Tetra algae control is known to kill inverts...


----------



## Rony11 (Jan 21, 2012)

Algaecides should be avoided in a moss, floating plant, invert and snail tanks. 
Personal experience: Used an algaecide within 24 hours 4 nerite snails dead amazon frogbit which was growing like crazy in this tank disappeared totally in a week. A few delicate rare hi-tech plants turned brown and died. If an algaecide can kill plants and snails, shrimps are far more delicate. 

I had to clean the tank thoroughly changed RO water 50% twice a week for 3 weeks added Seachem Cuprisorb in the external filter to absorb all the copper residue, after 2 weeks added active carbon. After a month I added snails, amano shrimp and frogbit which seem to be fine. I dose my tank with fertilizers have CO2 but I check the tank everyday.


----------



## Bananariot (Feb 28, 2012)

diwu13 said:


> Tetra algae control is known to kill inverts...

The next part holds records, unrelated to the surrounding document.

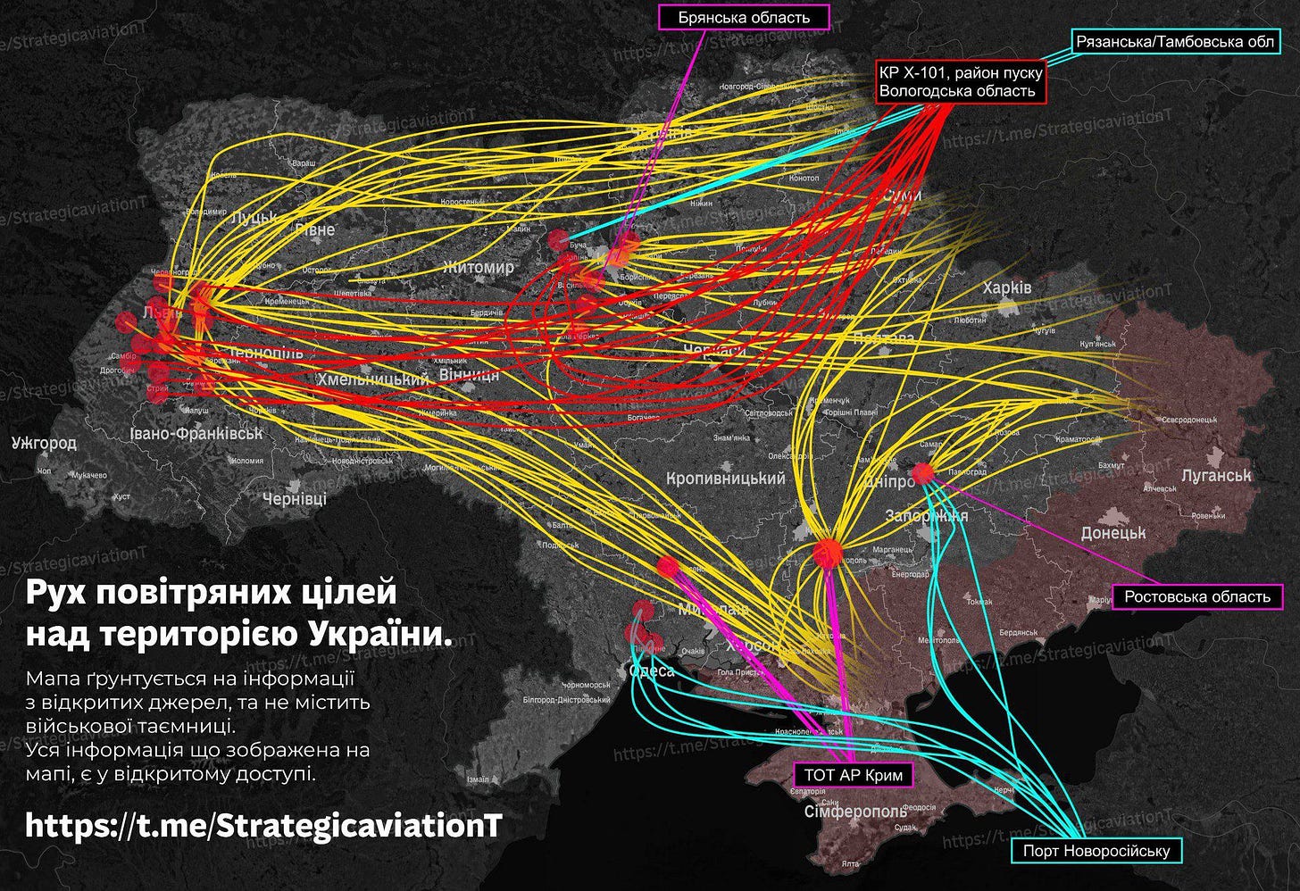 7. Tak na marginesie - popatrzcie na mapkę z orientacyjnym przebiegiem ataku z nocy z 5 na 6 grudnia. To był jeden z tych większych - 51 rakiet, 653 aparaty latające różnej maści. Skierowany w znacznej części na miasta zachodniej Ukrainy. I wiecie co? Jakoś tym razem „przypadkiem” nic nie przeleciało, choć było przy samej granicy.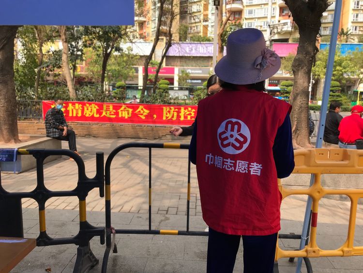 南头街道大新社区的“红马褂”有点与众不同,女同志衣服背后印着“巾帼志愿者”五个大字。
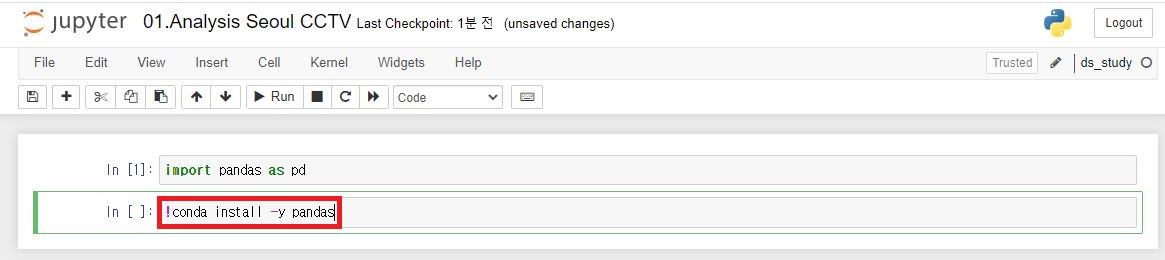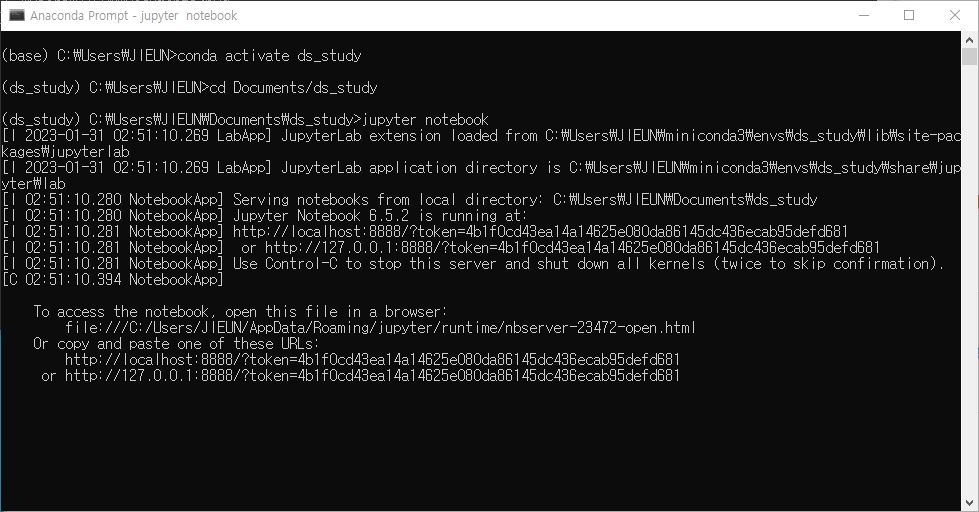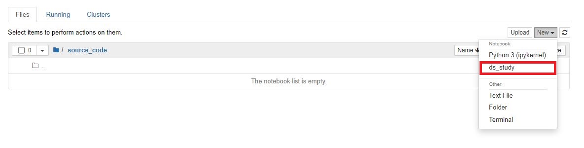 2. 콘다에서 전에 만들어 둔 ds_study 커널을 실행해준다.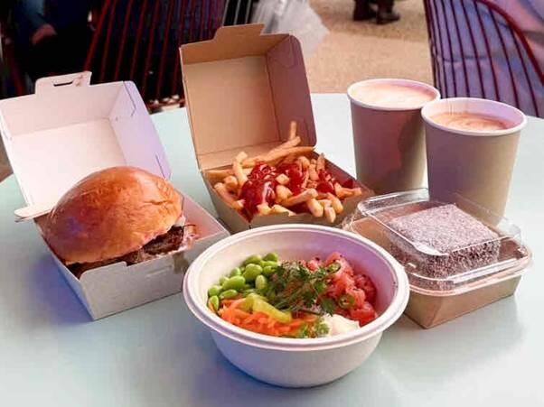 2人分のランチとして「ブリスケットバーガー」「サーモンボウルポキ」「フライドポテト(チキンソルト付き)」、そしてオーストラリアで親しまれているコーヒー「フラットホワイト」、たっぷりのココナッツをまとったケーキ「ラミントン」を注文。どれも食欲をそそる日本人でも十分楽しめる味付けでした!(※商品・値段は変動する可能性があります)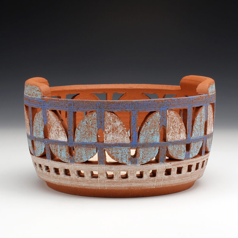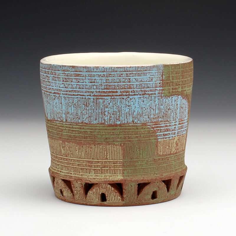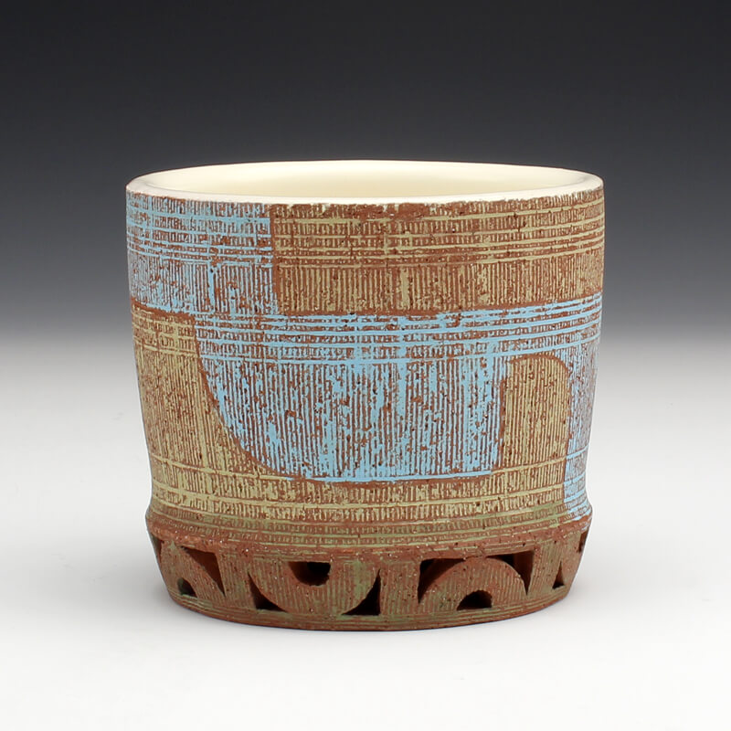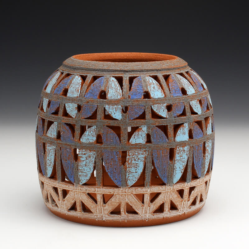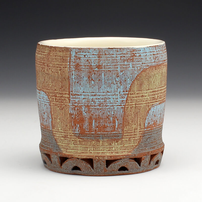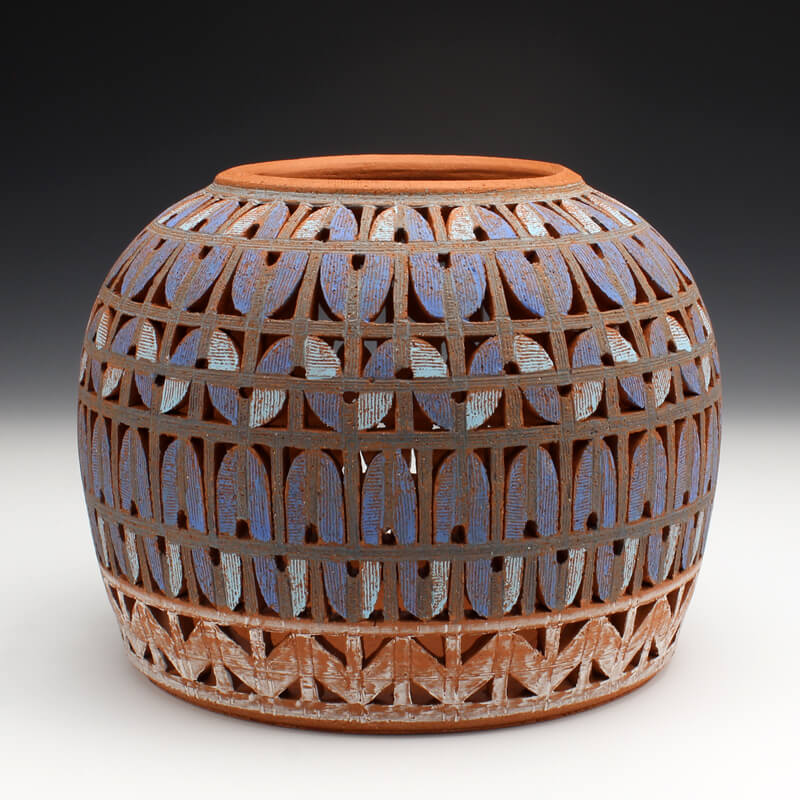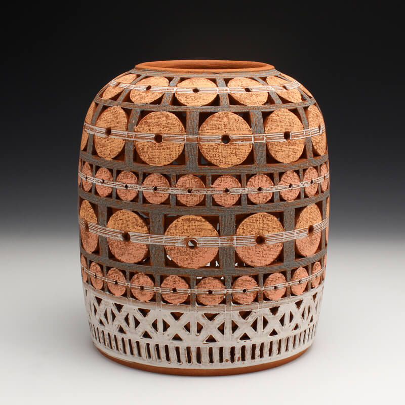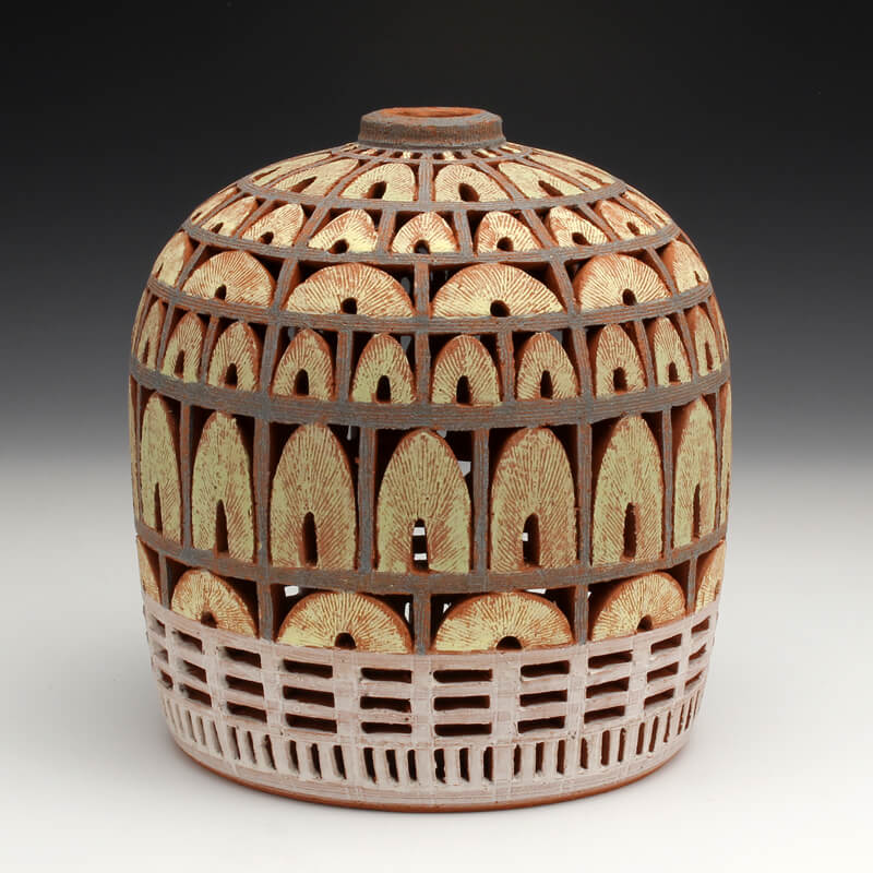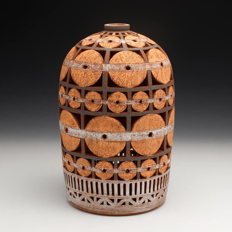“Devoted to repetition and structure, I have most recently been working in pottery forms as my canvas. Having been inspired to pursue the craft through my father, many of my recent forms are an homage to his pots and a recognition of his influence as a potter, builder and craftsman. My process begins with constructing wheel thrown vessels then dismantling them through carving a facade of structure that often pierces the wall of the pots. The pot form appears built by layers of arches, posts, lintels, and discs. All of which are references to architectural elements that influence me.

+1 chemical control of algae has never been a proper solution.


----------



## sapphoqueen (Feb 9, 2010)

Sorry for your lose  
I used twice Algol from Jbl and thats says on the label it is shrimp and invertebrate safe. In my planted tank i had a nasty algae problem and so i needed a quick response and a safe product... I get it! my shrimpies are fine and the fishes also and the green water are gone and the rest of algae stays put  ... on my shrimp tank i never have algae  strange no? LOL


----------



## acitydweller (Dec 28, 2011)

your diffusor will have micro pores to absorb everything deep within. 10 minute soak wont do much to get whatever soaked within expelled. Might have been more useful to connect an airline to blow out of the diffusor for a longer period of time.


----------



## oblongshrimp (Jul 26, 2006)

In the future use bleach. It will clean out the diffusor as well but breaks down much easier. I put it in a 25% or so bleach solution overnight and then soaked for a few more hours in clean water with extra declorinator. When your done you shouldn't smell the bleach.


----------



## freph (Apr 4, 2011)

oblongshrimp said:


> In the future use bleach. It will clean out the diffusor as well but breaks down much easier. I put it in a 25% or so bleach solution overnight and then soaked for a few more hours in clean water with extra declorinator. When your done you shouldn't smell the bleach.


This is good if you have the time to do that type of cleaning, but a 30 minute bleach soak, plug the diffuser up and expell the liquid that has soaked in with CO2 and then soak it in dechlorinator for 30 minutes and blow it out the same way works just as well IMO.


----------



## DubSmacks (Apr 25, 2012)

anything with -cide in it sounds a lot like killing to me and they should be avoided at all costs. It might have been better to manually remove it. I know this is somewhat tedious and won't get it all off but its better than the alternative of dead shrimps... My tanks have a bad pond snail problem but I will not use any drugs/-cides to get rid of them. they can all have bad effects on aquaria. sorry for your loss and hope is it doesn't happen again.


----------



## Dany08fa (Jul 3, 2012)

Thanks for all the info. Im glad i learned my lesson and didnt lose that much. Im just not gonna use algaecide in my tanks. I honestly dont even have that much in my tank i just thought it was a good idea to clean my diffuser but i guess not. Ill use a different method next time for sure!


----------



## jasonpatterson (Apr 15, 2011)

aznartist34 said:


> Where there more bubbles coming out of the diffuser after cleaning it? Could be that more co2 was being defused and you gassed your shrimp.


This was my thought as well. If the stuff was able to diffuse into the equipment that fast, it should have diffused out just as easily (unless it bound to the ceramic, in which case it would have remained bound.)


----------